Blob Blame History Raw
From: Markus Guertler <mguertler@novell.com>
Subject: Introduce (optional) pagecache limit
References: FATE309111, FATE325794
Patch-mainline: Never, SUSE specific

SLE12-SP3->SLE12-SP4
- move from zone to the node reclaim

SLE12->SLE12-SP2
- move the slab shrinking into shrink_all_zones because slab shrinkers
  are numa aware now so we need a to do zone to get the proper node.

SLE11-SP3->SLE12 changes & remarks by mhocko@suse.cz:
- The feature should be deprecated and dropped eventually and replaced
  by Memory cgroup controller.
- vmswappiness was always broken because shrink_list didn't and doesn't
  consider it
- sc->nr_to_reclaim is updated once per shrink_all_zones which means
  that we might end up reclaiming more than expected.

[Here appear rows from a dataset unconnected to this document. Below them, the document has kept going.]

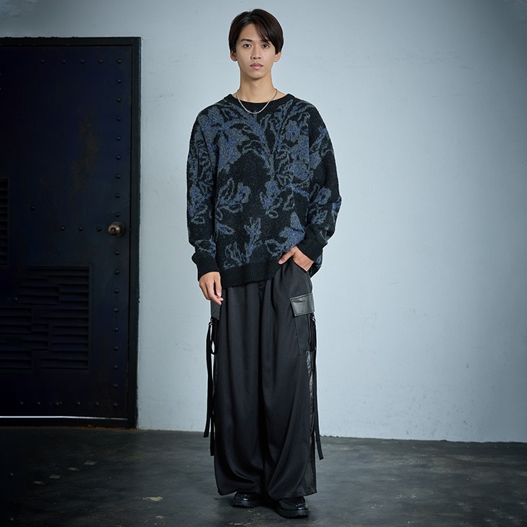 フラワーパターンが存在感を放つニットプルオーバー。
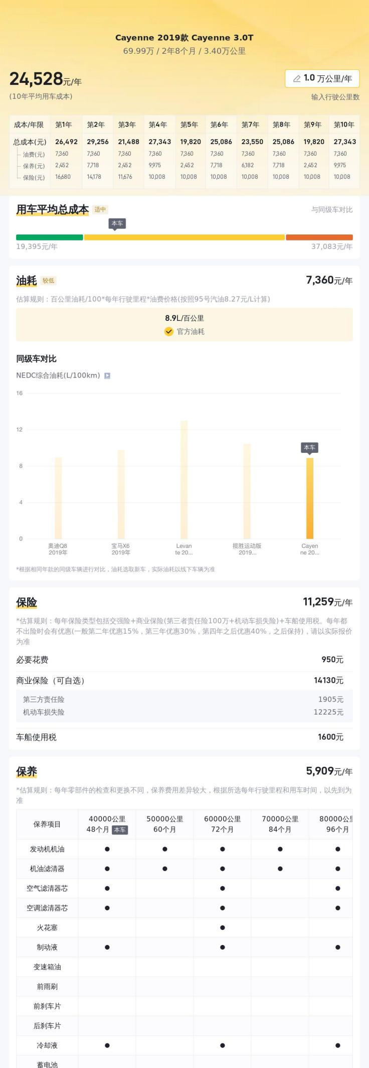 用车成本方面,预估这辆Cayenne的年均综合用车成本在2.5万元左右。这包括了燃油费、保险费、保养费等各项开支。对于一辆豪华SUV来说,这个成本并不算高,但也需要我们提前做好心理准备。
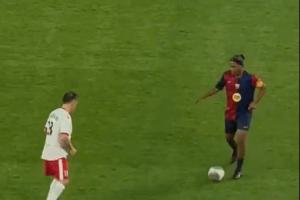 比賽中,小羅踩單車加牛尾巴過掉了對方球員,隨后對手膜拜小羅。
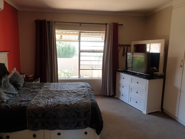 A immaculate three bedroom and two stunning bathrooms cluster offering a good quality lifestyle and certainly feels like home. From the entrance, you feel welcome by the expansive open plan living space of a dining and lounge that is light and airy. The kitchen is easily accessible from both living areas and it features modern gas stove, separate scullery with space for 3 appliances. The living area and master bedroom are fitted air- conditioners. The dininglounge area opens up to a private outdoor entertainment are with covered patio and built in braai that overlooks the beautifully maintained garden, most enjoyably during days of hosting friends and family. This home has three 3 fitted wooden floors bedrooms, with built in cupboards. The main bedroom boasts an air-conditioner for comfortable temperature control, illuminates with natural morning light, and has a beautiful en-suite full bathroom shower and bathtub. The other two bedroom are serviced by a beautiful second bathroom.
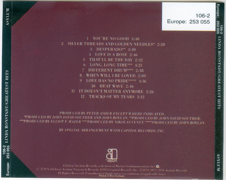 Note the catalog numbers have changed to reflect the Columbia House number.
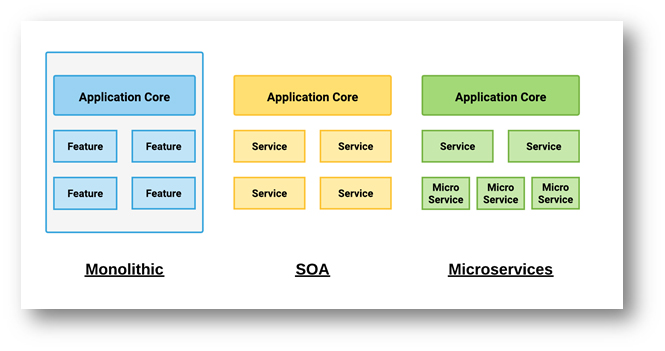 To remedy the situation, the Service-Oriented Architecture (SOA) was brought into play. In a SOA, the system is divided based on domains, each of which exposes web services for the system core to consume. Hence, each web service could be tested and deployed independently, reducing spaghetti codes, enhancing the overall agility of the development and shortening the time to market.
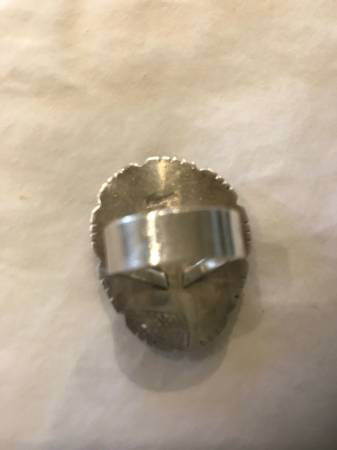 Amazing blue/grey/white variegated rare turquoise ring set in sterling silver. Stamped Sterling on back of ring. Features rope design bevel with larger sculpted bevel. Fits size 6 1/2 ring finger. Excellent condition! Originally purchased from Impressions of Santa Fe at the Houston Live Stock Show and Rodeo market.
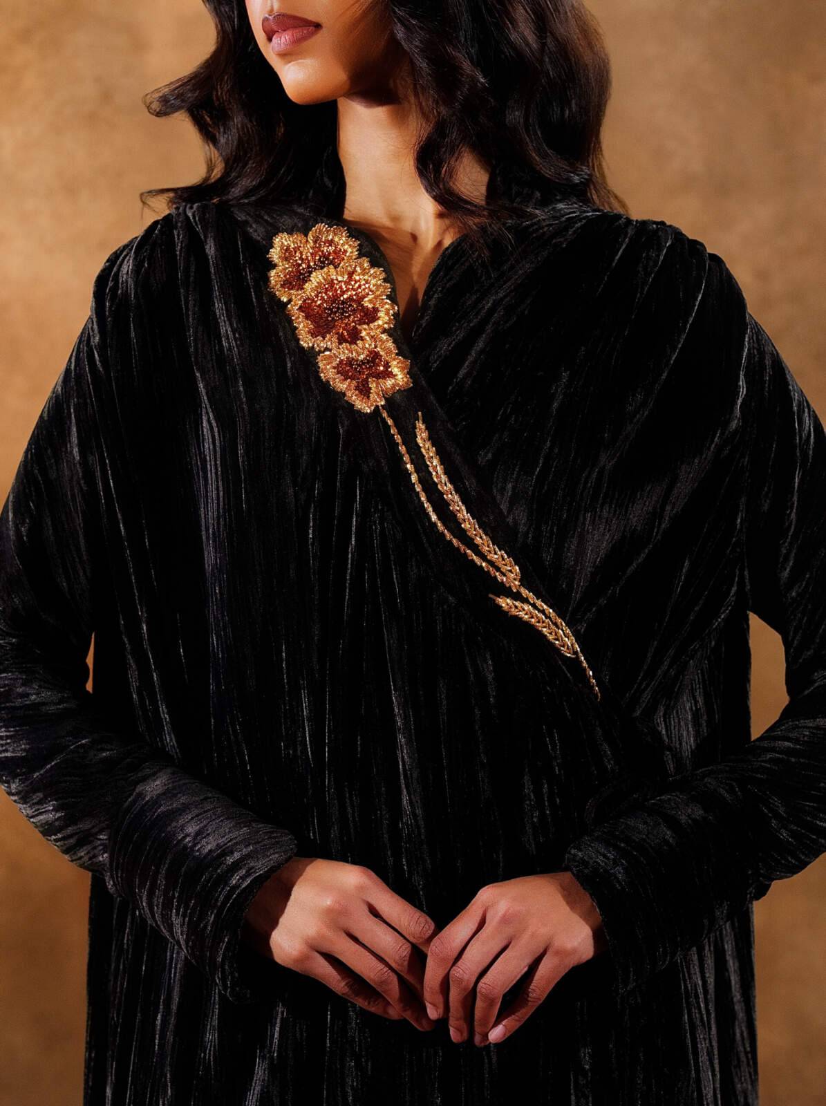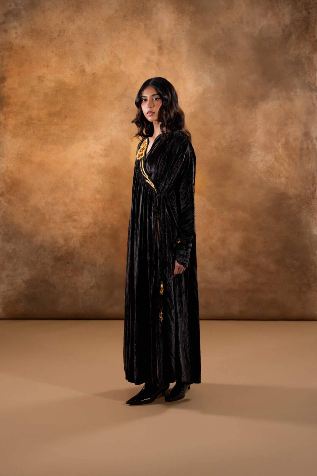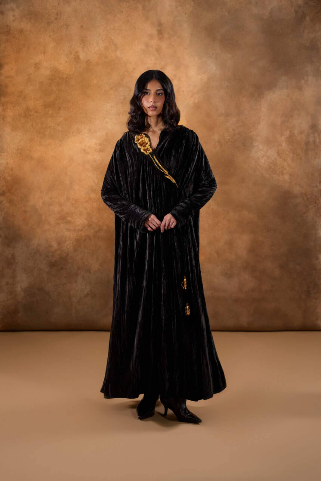 كاڤتان من مخمل مُكسر بلون الأوبسيديان يتميز بتطريز ذهبي فاخر يمتد بأناقة على منطقة الياقة. مصنوع من مخمل لامع وناعم الملمس يمنح إطلالة انسيابية طويلة وأكمام واسعة تضيف فخامة للحركة. يكتمل التصميم بلمسات شرّابات ذهبية يدوية تضفي طابعاً راقياً ومميزاً.
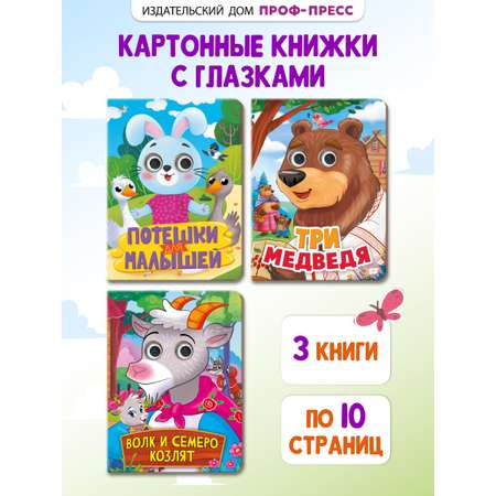Книжки картонные Проф-Пресс с глазками 3 шт. Волк и семеро козлят+Потешки+Три медведя
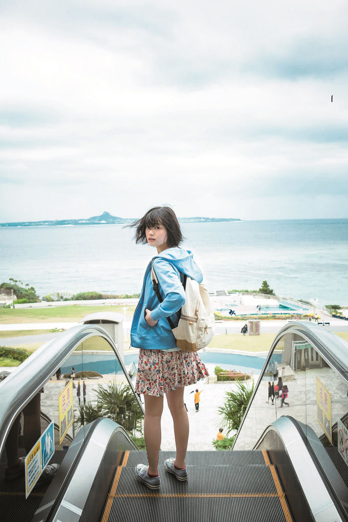 グラビアのテーマは沖縄修学旅行で、制服姿のほか、Tシャツを着て海ではしゃいだり、枕投げを楽しむ姿などを披露した。

Notes on forward port to SLE12
- shrink_all_zones has to be memcg aware now because there is no global
  LRU anymore. Put this into shrink_zone_per_memcg
- priority is a part of scan_control now
- swappiness is no longer in scan_control but as mentioned above it didn't
  have any effect anyway
- 

Original changelog (as per 11sp3):
----------------------------------
There are apps that consume lots of memory and touch some of their
pages very infrequently; yet those pages are very important for the
overall performance of the app and should not be paged out in favor
of pagecache. The kernel can't know this and takes the wrong decisions,
even with low swappiness values.

This sysctl allows to set a limit for the non-mapped page cache; 
non-mapped meaning that it will not affect shared memory or files
that are mmap()ed -- just anonymous file system cache.
Above this limit, the kernel will always consider removing pages from
the page cache first.

The limit that ends up being enforced is dependent on free memory;
if we have lots of it, the effective limit is much higher -- only when
the free memory gets scarce, we'll become strict about anonymous 
page cache. This should make the setting much more attractive to use.

[Reworked by Kurt Garloff and Nick Piggin]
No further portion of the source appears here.